» **Data shown**:
----------------

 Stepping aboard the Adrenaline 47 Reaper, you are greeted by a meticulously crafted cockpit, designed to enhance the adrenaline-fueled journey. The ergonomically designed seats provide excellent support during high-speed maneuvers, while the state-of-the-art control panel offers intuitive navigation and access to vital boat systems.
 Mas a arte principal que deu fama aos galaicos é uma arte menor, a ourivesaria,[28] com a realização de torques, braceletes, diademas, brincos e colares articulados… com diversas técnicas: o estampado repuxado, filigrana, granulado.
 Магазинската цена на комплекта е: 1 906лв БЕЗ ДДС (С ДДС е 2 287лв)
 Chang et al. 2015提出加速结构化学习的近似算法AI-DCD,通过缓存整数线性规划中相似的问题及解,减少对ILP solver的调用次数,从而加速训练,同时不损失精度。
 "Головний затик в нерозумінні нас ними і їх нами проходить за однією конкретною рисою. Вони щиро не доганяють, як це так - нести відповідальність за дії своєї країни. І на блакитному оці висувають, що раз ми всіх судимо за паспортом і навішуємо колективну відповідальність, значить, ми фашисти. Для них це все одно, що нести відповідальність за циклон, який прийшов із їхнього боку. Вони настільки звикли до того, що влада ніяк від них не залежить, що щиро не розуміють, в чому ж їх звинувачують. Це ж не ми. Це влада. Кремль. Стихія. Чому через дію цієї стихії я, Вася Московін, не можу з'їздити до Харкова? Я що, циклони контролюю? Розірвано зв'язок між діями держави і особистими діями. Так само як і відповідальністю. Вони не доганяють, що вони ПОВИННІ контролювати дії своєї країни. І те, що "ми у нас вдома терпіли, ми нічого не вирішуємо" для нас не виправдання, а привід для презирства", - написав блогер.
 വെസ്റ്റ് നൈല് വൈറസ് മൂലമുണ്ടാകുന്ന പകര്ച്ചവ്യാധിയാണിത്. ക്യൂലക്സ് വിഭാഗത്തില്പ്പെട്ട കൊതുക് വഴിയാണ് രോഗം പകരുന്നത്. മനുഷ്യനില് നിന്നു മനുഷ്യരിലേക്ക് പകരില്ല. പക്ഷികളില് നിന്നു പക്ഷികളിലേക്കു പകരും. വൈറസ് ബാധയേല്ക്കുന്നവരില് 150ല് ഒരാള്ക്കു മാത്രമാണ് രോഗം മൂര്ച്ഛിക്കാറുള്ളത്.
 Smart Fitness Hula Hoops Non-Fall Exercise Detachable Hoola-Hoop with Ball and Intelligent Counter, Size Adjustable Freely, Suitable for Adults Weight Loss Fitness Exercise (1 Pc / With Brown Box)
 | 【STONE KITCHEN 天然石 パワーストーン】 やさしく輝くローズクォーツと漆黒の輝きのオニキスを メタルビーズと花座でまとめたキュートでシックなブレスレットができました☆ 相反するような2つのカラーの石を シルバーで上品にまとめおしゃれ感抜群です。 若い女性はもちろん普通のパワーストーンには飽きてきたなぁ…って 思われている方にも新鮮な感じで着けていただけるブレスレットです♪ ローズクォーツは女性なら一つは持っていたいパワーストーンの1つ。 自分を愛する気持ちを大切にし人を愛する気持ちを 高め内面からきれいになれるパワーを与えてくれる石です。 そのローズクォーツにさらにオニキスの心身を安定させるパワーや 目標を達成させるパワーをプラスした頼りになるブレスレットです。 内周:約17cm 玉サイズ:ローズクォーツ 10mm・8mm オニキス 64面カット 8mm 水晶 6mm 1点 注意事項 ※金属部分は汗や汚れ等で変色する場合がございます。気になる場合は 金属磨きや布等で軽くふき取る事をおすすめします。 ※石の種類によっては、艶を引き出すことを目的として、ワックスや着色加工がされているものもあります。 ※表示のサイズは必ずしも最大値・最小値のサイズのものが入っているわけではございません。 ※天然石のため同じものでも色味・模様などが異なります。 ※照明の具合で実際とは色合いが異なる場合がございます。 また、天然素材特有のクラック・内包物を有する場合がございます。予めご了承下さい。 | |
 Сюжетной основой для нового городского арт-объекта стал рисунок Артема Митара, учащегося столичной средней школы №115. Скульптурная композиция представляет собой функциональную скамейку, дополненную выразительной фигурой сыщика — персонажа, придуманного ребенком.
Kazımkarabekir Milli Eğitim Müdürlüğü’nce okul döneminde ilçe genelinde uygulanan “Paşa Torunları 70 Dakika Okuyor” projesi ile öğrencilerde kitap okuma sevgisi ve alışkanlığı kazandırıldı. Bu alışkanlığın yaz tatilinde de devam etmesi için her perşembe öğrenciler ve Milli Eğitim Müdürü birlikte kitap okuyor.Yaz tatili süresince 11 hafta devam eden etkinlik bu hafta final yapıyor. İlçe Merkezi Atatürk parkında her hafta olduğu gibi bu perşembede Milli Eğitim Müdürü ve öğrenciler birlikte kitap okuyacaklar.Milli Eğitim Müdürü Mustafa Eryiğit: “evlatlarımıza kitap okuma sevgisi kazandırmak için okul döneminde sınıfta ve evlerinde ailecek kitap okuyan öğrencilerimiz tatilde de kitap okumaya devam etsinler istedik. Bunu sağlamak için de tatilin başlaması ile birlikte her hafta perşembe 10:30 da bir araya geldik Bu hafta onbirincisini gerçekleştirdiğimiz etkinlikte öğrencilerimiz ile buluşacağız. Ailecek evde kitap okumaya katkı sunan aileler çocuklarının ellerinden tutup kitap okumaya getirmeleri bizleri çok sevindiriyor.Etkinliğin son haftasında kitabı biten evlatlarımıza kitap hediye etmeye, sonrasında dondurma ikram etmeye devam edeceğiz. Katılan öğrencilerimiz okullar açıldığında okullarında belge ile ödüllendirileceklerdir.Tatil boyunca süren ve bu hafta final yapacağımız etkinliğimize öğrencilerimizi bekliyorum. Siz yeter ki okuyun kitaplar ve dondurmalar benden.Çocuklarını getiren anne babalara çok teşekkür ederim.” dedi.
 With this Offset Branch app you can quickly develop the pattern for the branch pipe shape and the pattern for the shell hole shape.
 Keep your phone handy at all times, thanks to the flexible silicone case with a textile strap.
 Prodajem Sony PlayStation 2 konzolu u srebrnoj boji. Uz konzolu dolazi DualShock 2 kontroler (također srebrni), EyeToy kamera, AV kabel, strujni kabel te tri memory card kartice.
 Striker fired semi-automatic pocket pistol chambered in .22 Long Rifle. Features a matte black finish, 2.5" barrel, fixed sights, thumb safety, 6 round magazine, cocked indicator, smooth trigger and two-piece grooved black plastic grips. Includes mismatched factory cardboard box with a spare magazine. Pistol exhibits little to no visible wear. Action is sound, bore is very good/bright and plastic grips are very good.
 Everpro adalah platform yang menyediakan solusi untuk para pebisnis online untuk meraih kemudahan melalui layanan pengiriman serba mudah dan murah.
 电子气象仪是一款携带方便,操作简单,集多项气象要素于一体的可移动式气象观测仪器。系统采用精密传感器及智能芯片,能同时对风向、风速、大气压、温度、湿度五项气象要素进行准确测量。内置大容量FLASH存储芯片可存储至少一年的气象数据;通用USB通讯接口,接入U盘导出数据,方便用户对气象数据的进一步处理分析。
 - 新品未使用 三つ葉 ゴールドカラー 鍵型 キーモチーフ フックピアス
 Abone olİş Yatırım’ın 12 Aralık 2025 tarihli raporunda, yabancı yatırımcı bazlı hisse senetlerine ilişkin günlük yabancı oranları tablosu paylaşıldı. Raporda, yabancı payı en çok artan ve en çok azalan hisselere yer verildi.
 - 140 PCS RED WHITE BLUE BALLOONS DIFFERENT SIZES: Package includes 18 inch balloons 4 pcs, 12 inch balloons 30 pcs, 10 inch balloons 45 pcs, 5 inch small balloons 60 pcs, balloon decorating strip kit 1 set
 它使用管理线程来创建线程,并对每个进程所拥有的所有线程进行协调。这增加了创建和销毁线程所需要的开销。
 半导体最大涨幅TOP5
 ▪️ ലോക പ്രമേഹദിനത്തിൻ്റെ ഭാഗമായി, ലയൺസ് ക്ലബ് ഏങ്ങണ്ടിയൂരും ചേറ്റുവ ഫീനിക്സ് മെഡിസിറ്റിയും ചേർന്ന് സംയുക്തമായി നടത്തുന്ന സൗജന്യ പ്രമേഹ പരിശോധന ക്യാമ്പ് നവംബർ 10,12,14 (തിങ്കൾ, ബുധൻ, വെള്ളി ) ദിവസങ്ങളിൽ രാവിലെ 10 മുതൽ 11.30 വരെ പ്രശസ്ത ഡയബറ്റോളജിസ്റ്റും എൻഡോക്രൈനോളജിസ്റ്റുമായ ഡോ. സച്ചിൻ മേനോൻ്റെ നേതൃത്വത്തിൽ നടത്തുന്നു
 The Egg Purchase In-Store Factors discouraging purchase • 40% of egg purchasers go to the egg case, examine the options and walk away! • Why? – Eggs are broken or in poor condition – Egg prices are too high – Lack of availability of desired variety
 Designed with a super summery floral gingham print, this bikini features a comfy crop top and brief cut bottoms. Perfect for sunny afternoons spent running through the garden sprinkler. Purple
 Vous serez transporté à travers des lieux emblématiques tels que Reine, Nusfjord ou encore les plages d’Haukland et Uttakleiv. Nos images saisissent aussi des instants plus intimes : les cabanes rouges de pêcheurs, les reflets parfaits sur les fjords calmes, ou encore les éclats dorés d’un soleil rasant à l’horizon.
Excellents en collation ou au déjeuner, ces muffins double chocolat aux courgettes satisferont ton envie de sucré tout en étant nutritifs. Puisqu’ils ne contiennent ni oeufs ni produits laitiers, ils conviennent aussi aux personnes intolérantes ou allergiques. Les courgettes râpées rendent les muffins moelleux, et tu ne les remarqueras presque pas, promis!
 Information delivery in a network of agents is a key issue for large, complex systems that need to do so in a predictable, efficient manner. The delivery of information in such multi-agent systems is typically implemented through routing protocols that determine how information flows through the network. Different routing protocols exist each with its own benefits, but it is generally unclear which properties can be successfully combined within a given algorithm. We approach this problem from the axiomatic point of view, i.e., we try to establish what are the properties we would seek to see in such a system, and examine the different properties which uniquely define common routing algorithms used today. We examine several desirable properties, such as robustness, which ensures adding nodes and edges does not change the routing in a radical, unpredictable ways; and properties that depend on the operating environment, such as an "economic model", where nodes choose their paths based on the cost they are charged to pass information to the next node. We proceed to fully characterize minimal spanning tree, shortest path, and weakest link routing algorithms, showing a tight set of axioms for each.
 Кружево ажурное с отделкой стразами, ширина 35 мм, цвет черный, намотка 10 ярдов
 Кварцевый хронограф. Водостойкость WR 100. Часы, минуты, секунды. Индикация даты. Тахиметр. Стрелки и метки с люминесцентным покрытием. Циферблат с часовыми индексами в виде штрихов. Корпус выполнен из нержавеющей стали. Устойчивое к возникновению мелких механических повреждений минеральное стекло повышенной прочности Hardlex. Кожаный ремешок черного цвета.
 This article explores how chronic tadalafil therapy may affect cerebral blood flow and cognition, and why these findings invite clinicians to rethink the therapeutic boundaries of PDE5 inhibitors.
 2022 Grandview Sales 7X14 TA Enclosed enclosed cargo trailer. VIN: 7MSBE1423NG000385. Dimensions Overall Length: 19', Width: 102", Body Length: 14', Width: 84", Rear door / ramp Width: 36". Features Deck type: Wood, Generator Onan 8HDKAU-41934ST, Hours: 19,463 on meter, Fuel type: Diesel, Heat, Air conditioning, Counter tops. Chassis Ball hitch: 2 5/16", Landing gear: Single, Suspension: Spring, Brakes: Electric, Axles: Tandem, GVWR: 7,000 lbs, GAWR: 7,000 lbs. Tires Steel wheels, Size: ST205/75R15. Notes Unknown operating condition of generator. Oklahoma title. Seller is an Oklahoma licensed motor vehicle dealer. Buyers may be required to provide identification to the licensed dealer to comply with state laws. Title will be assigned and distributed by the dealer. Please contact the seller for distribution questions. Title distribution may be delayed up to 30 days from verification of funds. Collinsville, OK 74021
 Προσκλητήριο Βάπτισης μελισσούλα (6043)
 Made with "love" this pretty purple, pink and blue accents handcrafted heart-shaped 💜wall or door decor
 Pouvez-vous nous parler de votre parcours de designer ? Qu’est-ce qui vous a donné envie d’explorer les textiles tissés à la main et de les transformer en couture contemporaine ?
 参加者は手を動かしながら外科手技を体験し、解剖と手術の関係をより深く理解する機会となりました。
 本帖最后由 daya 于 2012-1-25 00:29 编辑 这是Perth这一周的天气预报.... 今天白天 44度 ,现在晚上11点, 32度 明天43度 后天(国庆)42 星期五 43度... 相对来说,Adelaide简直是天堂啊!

----------------

» **What to do**:
Reproduce word for word the material above, starting with the line that has "Сюжетной основой для" and stopping after the line that has "Prodajem Sony PlayStation".

» **The completed task**:
 Сюжетной основой для нового городского арт-объекта стал рисунок Артема Митара, учащегося столичной средней школы №115. Скульптурная композиция представляет собой функциональную скамейку, дополненную выразительной фигурой сыщика — персонажа, придуманного ребенком.
Kazımkarabekir Milli Eğitim Müdürlüğü’nce okul döneminde ilçe genelinde uygulanan “Paşa Torunları 70 Dakika Okuyor” projesi ile öğrencilerde kitap okuma sevgisi ve alışkanlığı kazandırıldı. Bu alışkanlığın yaz tatilinde de devam etmesi için her perşembe öğrenciler ve Milli Eğitim Müdürü birlikte kitap okuyor.Yaz tatili süresince 11 hafta devam eden etkinlik bu hafta final yapıyor. İlçe Merkezi Atatürk parkında her hafta olduğu gibi bu perşembede Milli Eğitim Müdürü ve öğrenciler birlikte kitap okuyacaklar.Milli Eğitim Müdürü Mustafa Eryiğit: “evlatlarımıza kitap okuma sevgisi kazandırmak için okul döneminde sınıfta ve evlerinde ailecek kitap okuyan öğrencilerimiz tatilde de kitap okumaya devam etsinler istedik. Bunu sağlamak için de tatilin başlaması ile birlikte her hafta perşembe 10:30 da bir araya geldik Bu hafta onbirincisini gerçekleştirdiğimiz etkinlikte öğrencilerimiz ile buluşacağız. Ailecek evde kitap okumaya katkı sunan aileler çocuklarının ellerinden tutup kitap okumaya getirmeleri bizleri çok sevindiriyor.Etkinliğin son haftasında kitabı biten evlatlarımıza kitap hediye etmeye, sonrasında dondurma ikram etmeye devam edeceğiz. Katılan öğrencilerimiz okullar açıldığında okullarında belge ile ödüllendirileceklerdir.Tatil boyunca süren ve bu hafta final yapacağımız etkinliğimize öğrencilerimizi bekliyorum. Siz yeter ki okuyun kitaplar ve dondurmalar benden.Çocuklarını getiren anne babalara çok teşekkür ederim.” dedi.
 With this Offset Branch app you can quickly develop the pattern for the branch pipe shape and the pattern for the shell hole shape.
 Keep your phone handy at all times, thanks to the flexible silicone case with a textile strap.
 Prodajem Sony PlayStation 2 konzolu u srebrnoj boji. Uz konzolu dolazi DualShock 2 kontroler (također srebrni), EyeToy kamera, AV kabel, strujni kabel te tri memory card kartice.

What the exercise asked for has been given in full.